Now that we have our logs all in one place, we can really step up the operations game. We can set up alerts based on log level thresholds, number of messages, frequency of messages, and triggers based on any metadata contained within. If we want to get really fancy, we can train some machine learning models via Spark or Apache Mahout combined with any other exported metrics data to attempt to predict failure of our services. Such a technique could also be used for all sorts of observability of clusters and microservices. Combined with scripts to automatically scale or restart services, operations can become more proactive in maintaining their systems.

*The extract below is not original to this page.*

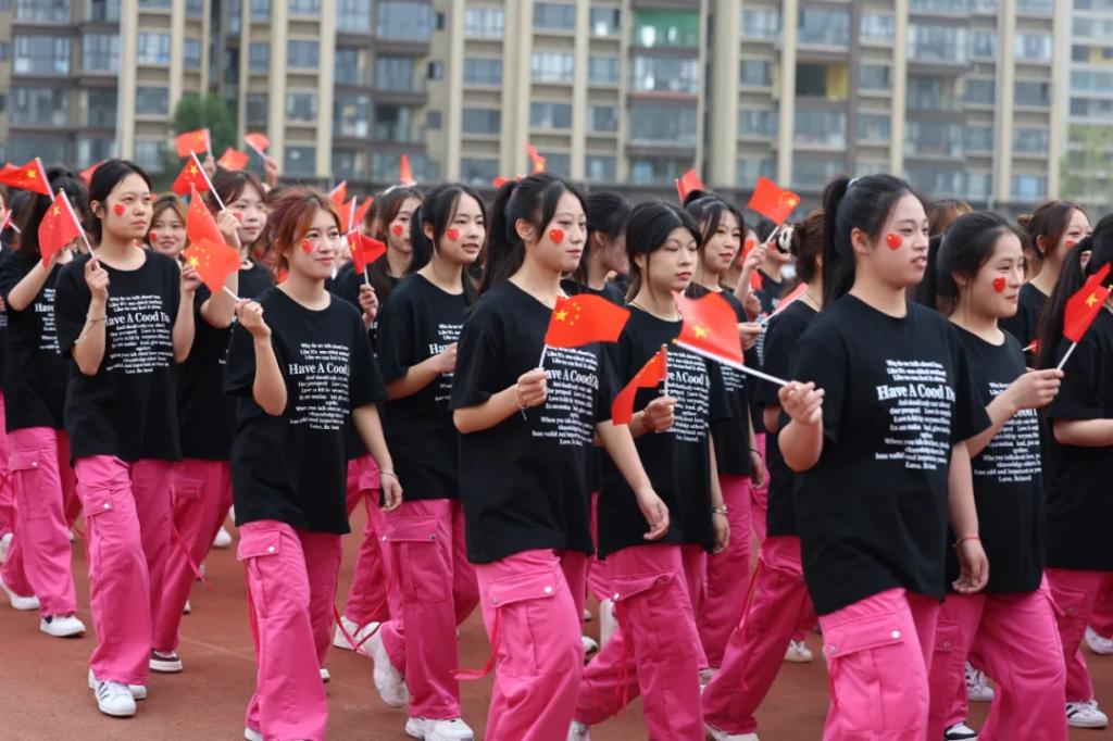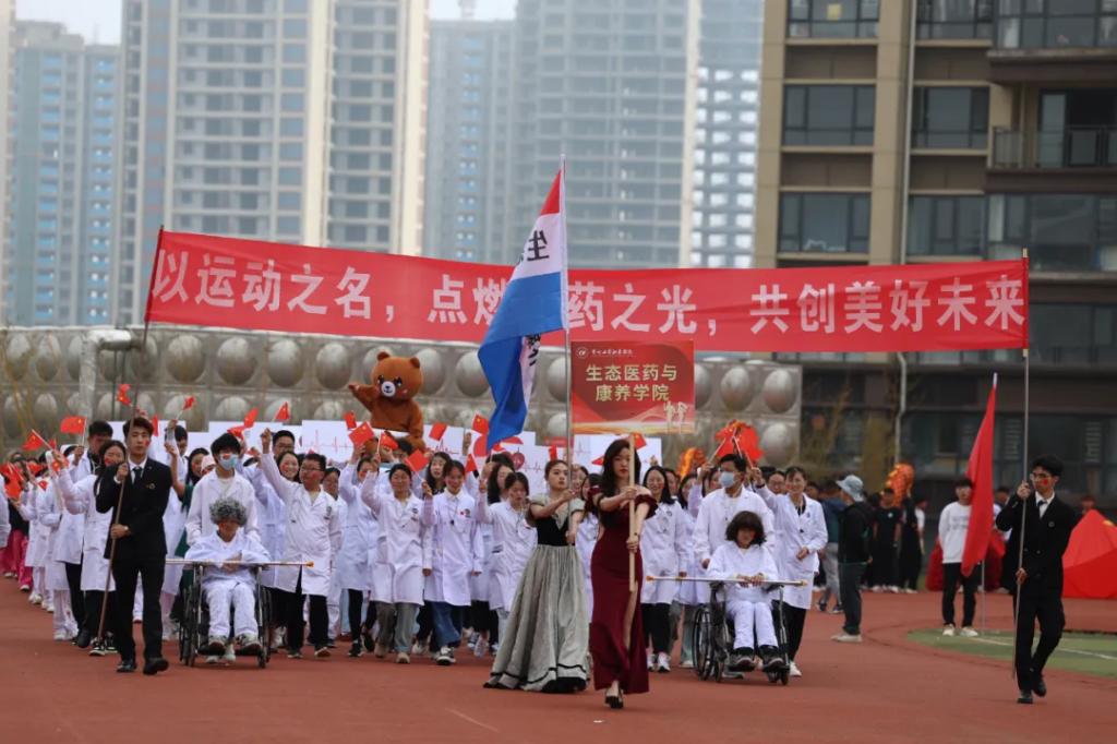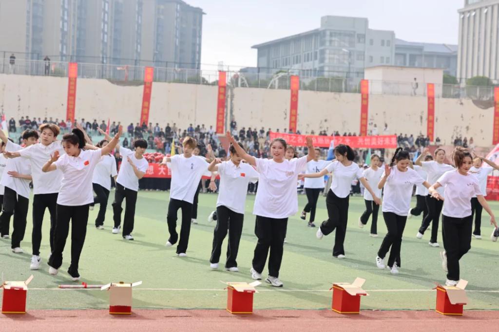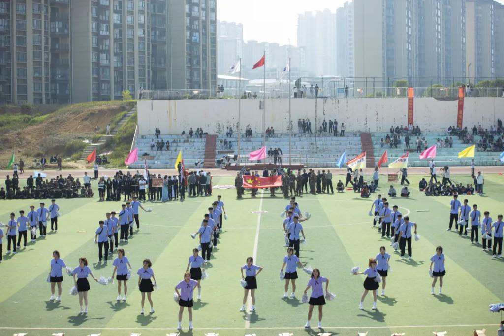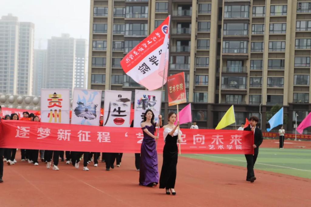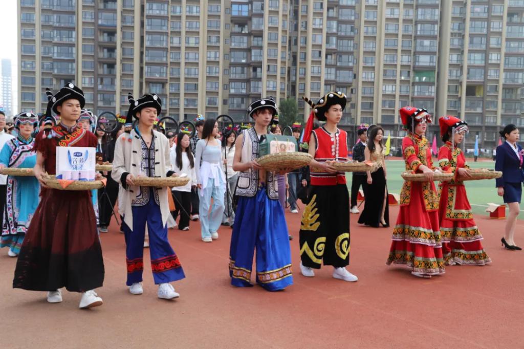 生而逢盛世,青年当有为。草海湖畔,书写着贵州工贸职业学院师生再创辉煌的凌云壮志。5月23日,贵州工贸职业学院第五届校园运动会开幕式在学校田径场正式拉开帷幕。校领导徐锋、李建萍、聂立新、李新发、勒系琳、曾隆槐、杨金钱,校属各单位负责人在主席台就坐,全体师生参加。校党委委员、副校长杨金钱主持开幕式。伴随着《运动员进行曲》激昂的旋律,贵州工贸职业学院第五届运动会拉开序幕。国旗方阵和校旗方阵首先入场,紧接着彩旗方阵、裁判员方阵入场、智造工程学院(新能源产业学院)方阵、现代商务学院(乡村振兴产业学院)方阵、生态医药与康养学院方阵、国防教育与体育学院方阵、艺术学院方阵踏着轻快的步伐,以饱满的精神面貌入场。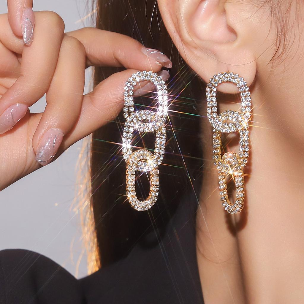 Персонализированные преувеличенные блестящие серьги-цепочки со стразами, темперамент, сто парных сережек, серьги для ночного клуба, женские серьги, 1 пара

There are dozens more frameworks, libraries, and tools that could be covered here. Logging is something all developers do whether they’re using the proper tools or not, so it’s a great idea to get familiar with the tools and concepts in order to improve the metadata being created by applications. Developers should work closely with operators (devops) in order to find a good balance of logging verbosity and observability. Managing logs is a complex topic that many people tend to overlook, but having a good logging architecture in place can help save the day during a production issue. As a final note, to those using the Java Platform, Apache Log4j 2 is the premier logging library for Java, Scala, Groovy, Kotlin, and any other JVM language. It is common for logging to add noticeable overhead to applications, and the typical solution is to simply disable logging, but this removes all the advantages to logging in the first place! Instead, take a look at the numbers and see how Log4j can be used with very minimal overhead, even in high frequency trading applications.